Operating 24-7, REACH pilots work a 12-hours-on, 12-hours-off shift schedule, and REACH medical professionals on grueling 24-hour stints, keeping medics and pilots available around the clock for the local service area, a radius of 140 kilometers and roughly an hour flight time in ideal conditions. A team may operate beyond this service area, however, taking on dispatches anywhere in the state and Yellowstone National Park at the discretion of the team and within the limits of the A-Star’s fuel capacity.

With an ability to reach Big Sky in less than 20 minutes, REACH’s Bozeman location routinely flies to Big Sky Medical Center four times a week in what’s called a “day basing operation.”

While not exclusive or contracted this intimate cooperation has led to a sense of camaraderie and team cohesion.

In July 2018, Scotson coordinated an ongoing “bi-directional educational effort” with Big Sky Medical Center Nurse Manager Jason Buchovecky, through which REACH team members enhance the knowledge of hospital staff, drawing upon their medical expertise. In return, Big Sky Medical Center nurses share insights into the mindset necessary for lower-intensity care needs.

“An ER gets exposed to a wider variety of medical needs,” said Travis Weiss, who’s worked as a flight nurse for REACH for the past three years, and over 16 in EMS service. “We appreciate the opportunity to actually to be with the hospital’s care providers and gain exposure as to how the providers sort through the differential diagnoses, which is much more difficult in the environment that we work in.”

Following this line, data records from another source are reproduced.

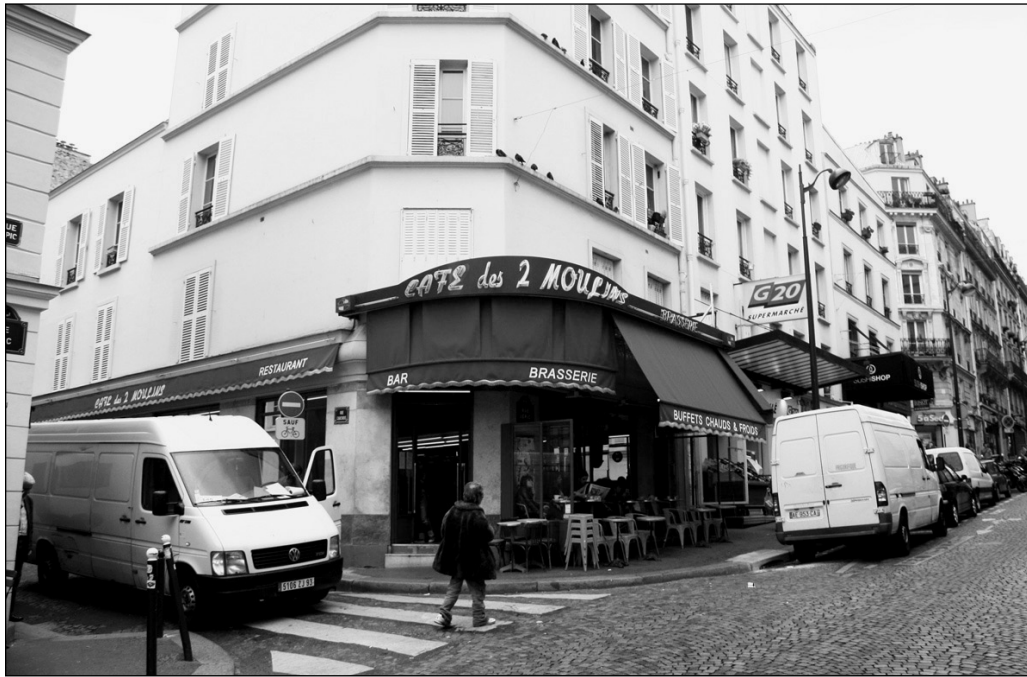
ILLUSTRATION 2 : Le café des 2 Moulins à Montmartre, où travaille Amélie Poulain.

l'impression de connaître cette ville. Beaucoup ont pu s'en forger une image, voire une carte mentale, par l'addition des références apprises au hasard des livres, des images, des reportages et des films. D'autres lieux, emblématiques, possèdent une même charge affective, qu'ils soient fréquentés ou non : la montagne marseillaise, la cathédrale de Rouen et la plage de Deauville, pour n'en citer que quelques-uns.
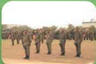
観閲式・観閲行進

式典・観閲行進・災害対処訓練展示・装備品の体験と展示 自衛隊の魅力を体感してください！
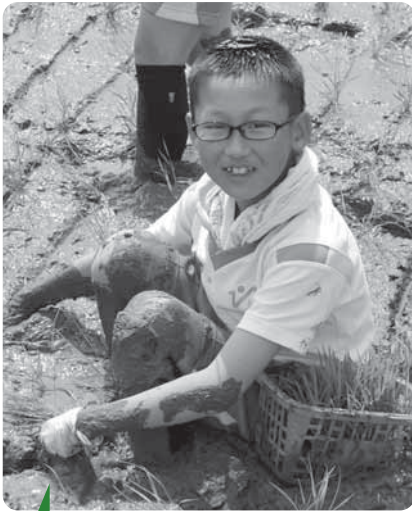
泥んこ田植 〔5/31 小学校田植〕
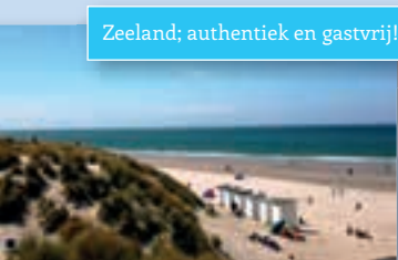
Zeeland; authentiek en gastvrij!
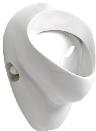
SLP 07 - NOVA PRO FELIX
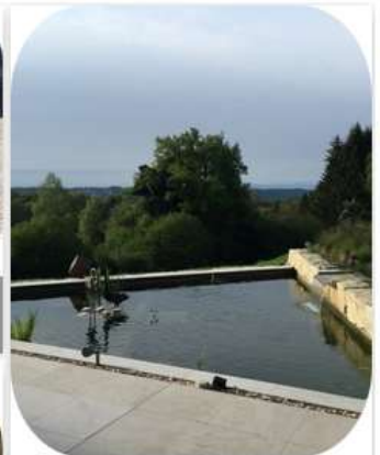
Wasser im Garten
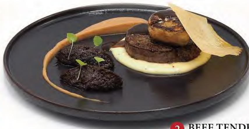
2 BEEF TENDERLOIN WITH FOIE GRAS
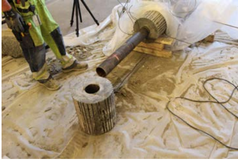
Bentonitsegment taget från det första paketet som togs upp.
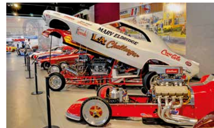
Funny Car Dodge Challenger vznikl v roce 1970 u firmy Fiberglass Trend pro závodníka Merva Eldridge
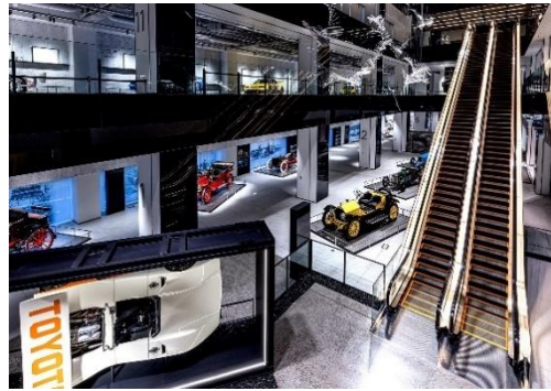
富士モータースポーツミュージアム (2022 年開業)
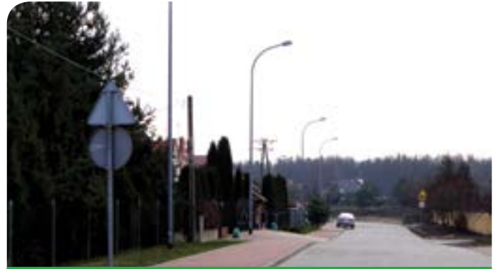
Nowa ul. Promienna w Chotomowie

Budowa chodnika, parkingu i oświetlenia przy ul. Złotej Renety w Jabłonie – w ramach zadania wykonano parking dla samochodów osobowych o nawierzchni z kostki betonowej – w tym: 16 miejsc parkingowych, jedno miejsce dla osób niepełnosprawnych, jezdnię manewrową o szer. 5m, chodnik dla pieszych szer. 2m i 1,5 m o nawierzchni z kostki betonowej. Wykonano również oświetlenie parkingu i chodnika przy parkingu w postaci 5 opraw oświetleniowych.
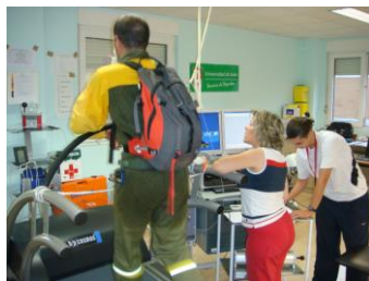
Foto 11. Prueba de esfuerzo en el laboratorio de valoración de la condición física para análisis de la tensión fisiológica y el estrés térmico inducida por los tipos de EPI.

llega a incrementar la FC y el VO_2 un 11% y 17% cuando se compara correr a 7 km/h con EPI o en camiseta y pantalones de deporte en pruebas de bomberos de estructuras (Baker y cols, 2000). El aislamiento térmico que la ropa ofrece al intercambio de calor (representado por I_{cl} o R_{tc} ) depende del espesor de las capas de tejido y de la naturaleza propia del mismo. No obstante, el EPI usado por el P.E.E.I.F. no parece tan restrictivo en cuanto al intercambio de calor (Budd, 2001), ya sea exterior o bien generado por el metabolismo, ya que alcanza un nivel de aislamiento térmico de 1,21 Clo (Raimundo y Figueiredo, 2006), mientras que el EPI utilizado por bomberos de estructuras alcanza los 3 Clo (Goldman, 1990; Taylor, 2006).
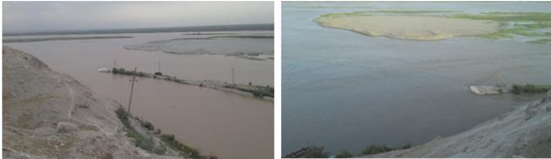
Рис.2 Бесплотинный водозабор КМК.

примера можно привести следующее: в результате аккумуляции наносов на дне, горизонт воды может подняться выше поймы, что создаст угрозу затопления расположенных на них культурных земель и населенных пунктов. Интенсивный размыв берегов, характерный для рек Средней Азии, тоже приводит к нежелательным последствиям, таким как смыв близкорасположенных культурных земель и населенных пунктов, возникновение угрозы обеспечения нормального водозабора оросительных каналов при бесплотинных водозаборах [6,7,11] (Рис-1).
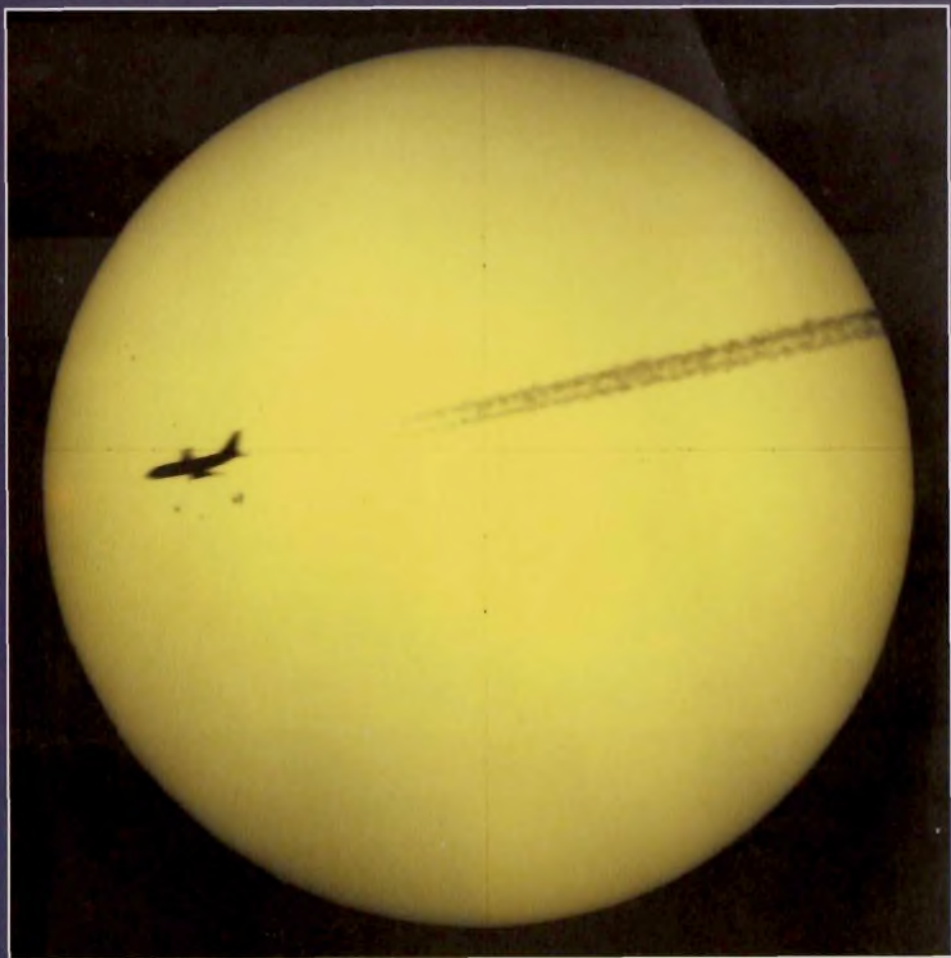
A képet Kálmán Béla készítette a rendszeres észlelés során, 2005. január 11-én 11:08:20 UT-kor, a debreceni napfizikai obszervatórium 12,5 cm-es Nap-fényképező refraktorával, Zeiss-interferenciaszűrőn át, Agfa Alliance Camera CS filmre, 1/60 s expozícióval. A repülőgép „alatt” látható foltcsoport a hónap közepére óriási, szabad szemmel is látható napfolttá fejlődött
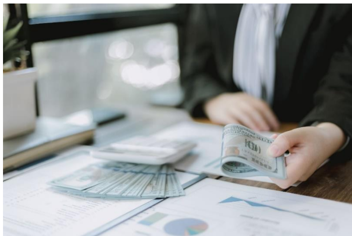
Slika 2. Financiranje
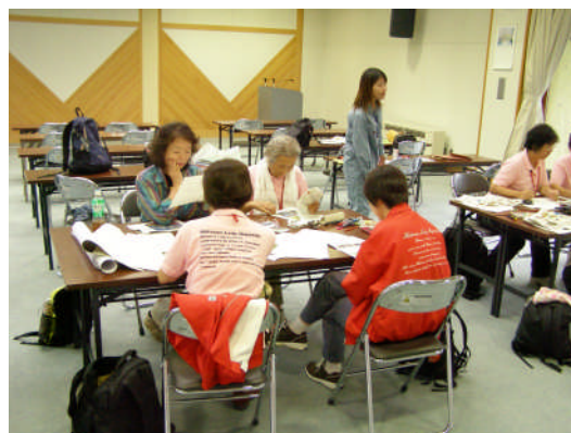
平成21年度、砂防施設の看板をデザイン
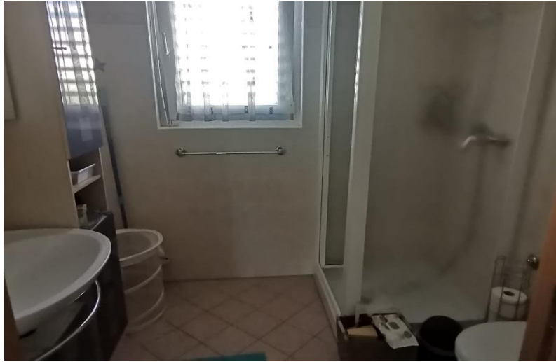
Bad und Dusche / bagno e doccia
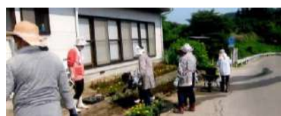
右代なかよしサロンの植栽風景

6月19日右代集会所に花苗の植え付けをしました、朝から汗が流れる暑い日でしたが、11人もの参加者の手できれいな花壇になりました、これから水やり、除草など手入れをしますので、通りがかりに目を止めて見ていってください。
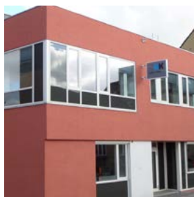
2014 HK Sjælland Hersegade 13 Arkitekt: Mangor & Nagel
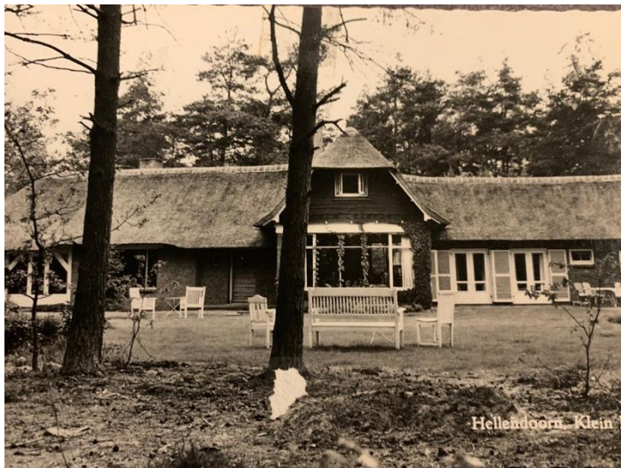
(Klein Eelerberg – ansichtkaart uit 1969)

Ik heb de professor (In 1966 op 79-jarige leeftijd overleden) wel enkele keren gezien, maar eigenlijk nooit gesproken.
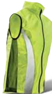
Reflexná športová vesta 19,90 €
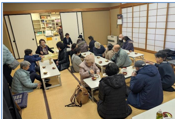
輪島市南志見地区

なお、お勤めに際し、東本願寺出版から無償提供された勤行本(和綴・小型)等をお渡ししております。上記の詳細やスタッフ不足等のお問合せやご相談がありましたら、ボランティア支援センターまでご連絡ください。
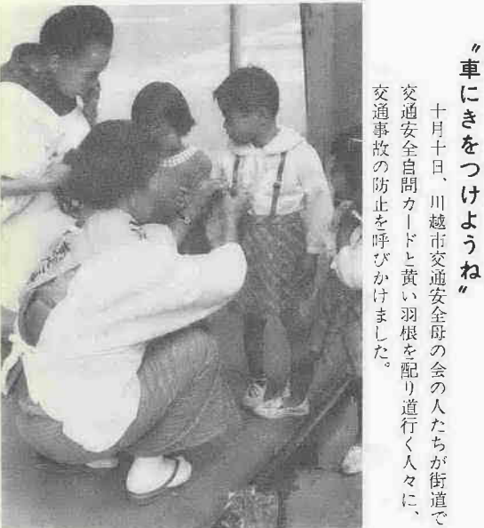
十月十日、川越市交通安全母の会の人たちが街道で交通安全自問カードと黄い羽根を配り道行く人々に、交通事故の防止を呼びかけました。

10月10・11日の両日、市内の少年少女約100人による武者行列が、市内をねり歩きました。この催しはことしはじめてのもので、商工会議所が開所70周年の記念行事として行なったものです。
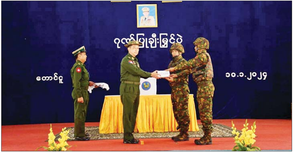
ဒုတိယဗိုလ်ချုပ်ကြီး တေကျော် နတ်သံကွင်းရဲစခန်းကို အကြမ်းဖက်သမားများ လာရောက် တိုက်ခိုက်သည့်ဖြစ်စဉ်တွင် စွမ်းစွမ်းတမံပါဝင်ဆောင်ရွက်ခဲ့ကြသည့် တပ်မတော်သား အရာရှိ၊ စစ်သည် များအတွက် ဂုဏ်ပြုချီးမြှင့်ငွေများ ပေးအပ်စဉ်။

တောင်ပိုင်းတိုင်းစစ်ဌာနချုပ် နယ်မြေအတွင်း ရန်ကုန်-မန္တလေး ကားလမ်းဟောင်းပေါ်ရှိ ပဲခွယ်ကုန်း မြို့နှင့် ကျောက်ကြီးမြို့ကို ဆက်သွယ်ထားသော ၁၇ မိုင်ရှည်လျားသည့် လမ်းကြောင်းပေါ်မှ စစ်တောင်း မြစ်အား ဖြတ်ကူးသော နတ်သံကွင်းတံတား အရှေ့
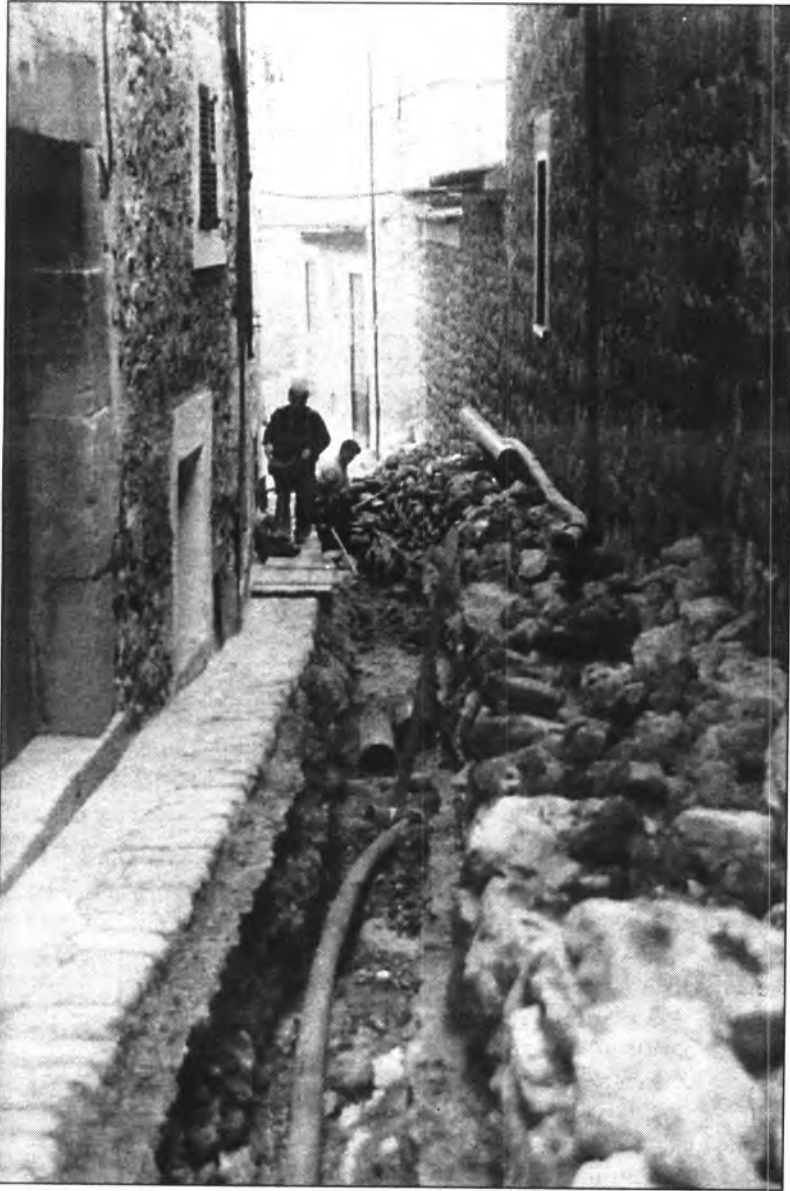
A cada un dels carrers que s'obren s'hi instal·la una canonada per a les aigües residuals, una altra per a les aigües de pluja i una tercera per a l'aigua potable.
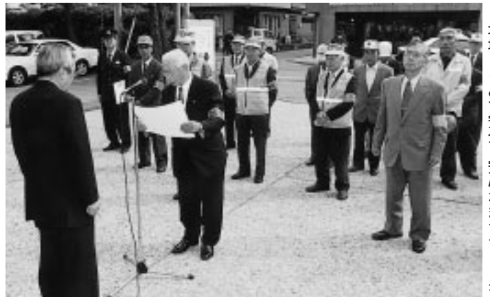
地域ぐるみで安全・安心なまちづくりを

この日、五城目警察署前でキャラバン出発式と防犯功労者表彰が行われ、本市から7人・1団体が表彰されました。表彰された方は次のとおりです(敬称略)。
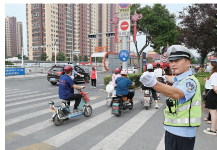
交警与志愿者在路口执勤

倾力规范停车秩序,加强城市主次干道、背街小巷车辆停放管理执法力度,重点整治路沿石以上乱停车、
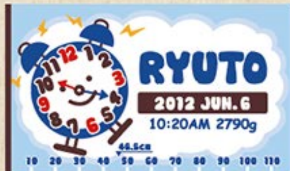
目覚まし時計 (ブルー) 注文番号 CA-CL-B03
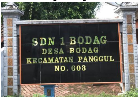
Nambor SDN 1 Bodag
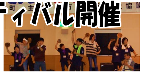
▲ワークハウス 剣 『しげさ節』
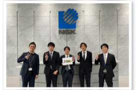
日本ガス株様(銘柄コード/5333)
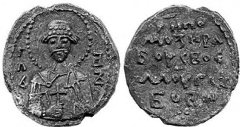
Рис. 10. Печать менского князя Глеба Всеславича (1101–1119 гг.) с изображением св. Глеба на лицевой стороне. Найдена в Острожском районе Ровенской области (Украина).

Небесным заступником Глеба Всеславича Менского также являлся один из братьев-страстотерпцев, примером этого является печать, найденная в 1995 г. в Острожском районе Ровенской области (Украина) (рис. 10). На ней представлено погрудное изображение святого Глеба. На обратной стороне помещена надпись: «Господи помози рабу своему Глебови» 22 . Подобные единичные изображения святых встречаются в произведениях декоративного искусства в других регионах Руси.
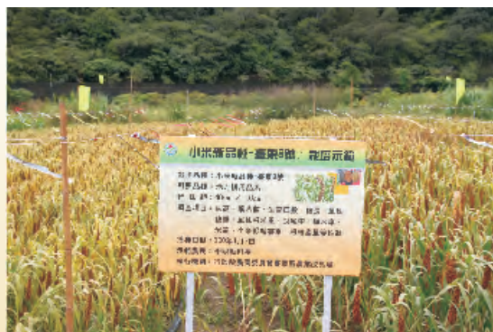
小米臺東8號生長情形
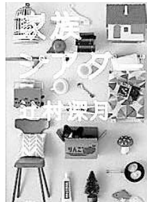
「家族シアター」 辻村深月 著
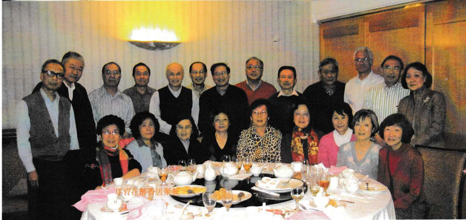
年宵在醉香居聚餐
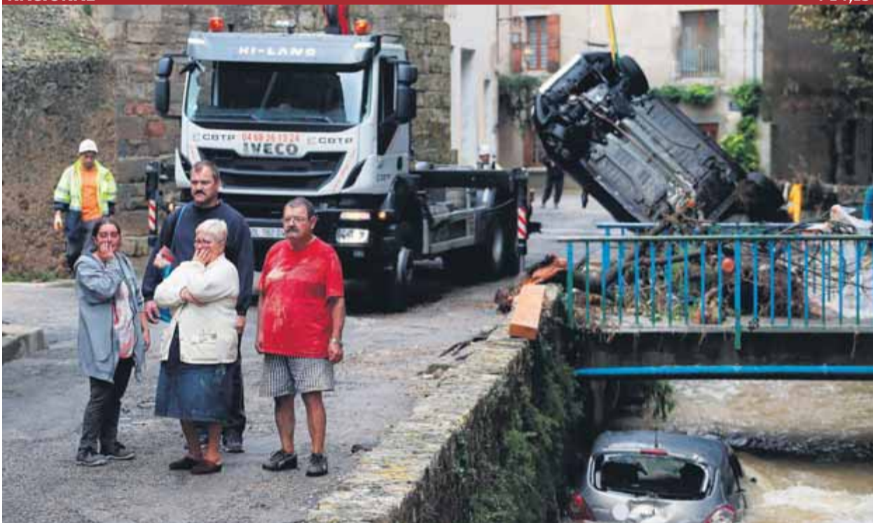
Uns veïns observen els bombers durant les operacions de rescat al municipi occità de Villegailhenc

MENTIDA • Les defenses volen evidenciar les falsedats de les proves aportades per la Guàrdia Civil i presentar-ho al judici
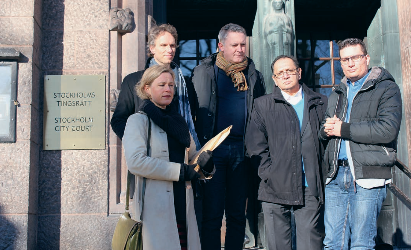
Inlämning av stämningensansökan till Tingsrätten mars 2015
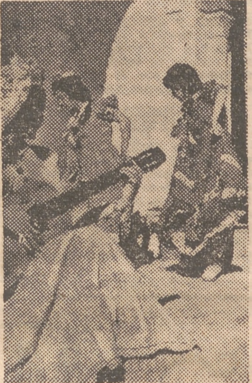
Garbo y gracia inigualable del baile andaluz

sus respectivas comarcas. Y en cuanto a la parte musical, hay que consignar que, al efecto, vendrán más de cuarenta y tantos músicos,
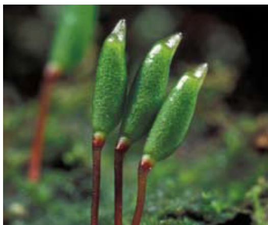
Grünes Koboldmoos (vergrößert)

Das Grüne Koboldmoos ist eine sehr seltene Moosart, die in Baden-Württemberg nur in niederschlagsreichen Gebieten vorkommt (Schwäbisches Keuper-Lias-Land, Schwarzwald, Schwäbische Alb). Es wächst dort vornehmlich in luftfeuchten, mehr oder weniger tiefschattigen Wäldern auf mäßig zersetztem Nadelholz und modrigem Humus, besonders in Schluchtbereichen, an nordexponierten Hanglagen und an Bachrändern.
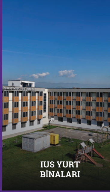
IUS YURT BİNALARI

Dealing in low frequency, high demand needs means many days can go by without a dispatch, so idle moments are spent religiously training for future emergencies. Yet it’s those emergency-free repositioning days between Bozeman and Big Sky that afford REACH teams a beautiful vantage most will never experience.

“I used to be a raft guide in Idaho, and one day while on the river I saw this very model [A-Star] in a fire relief effort,” Kellogg said, “and I knew right then that’s what I wanted to do: fly those.”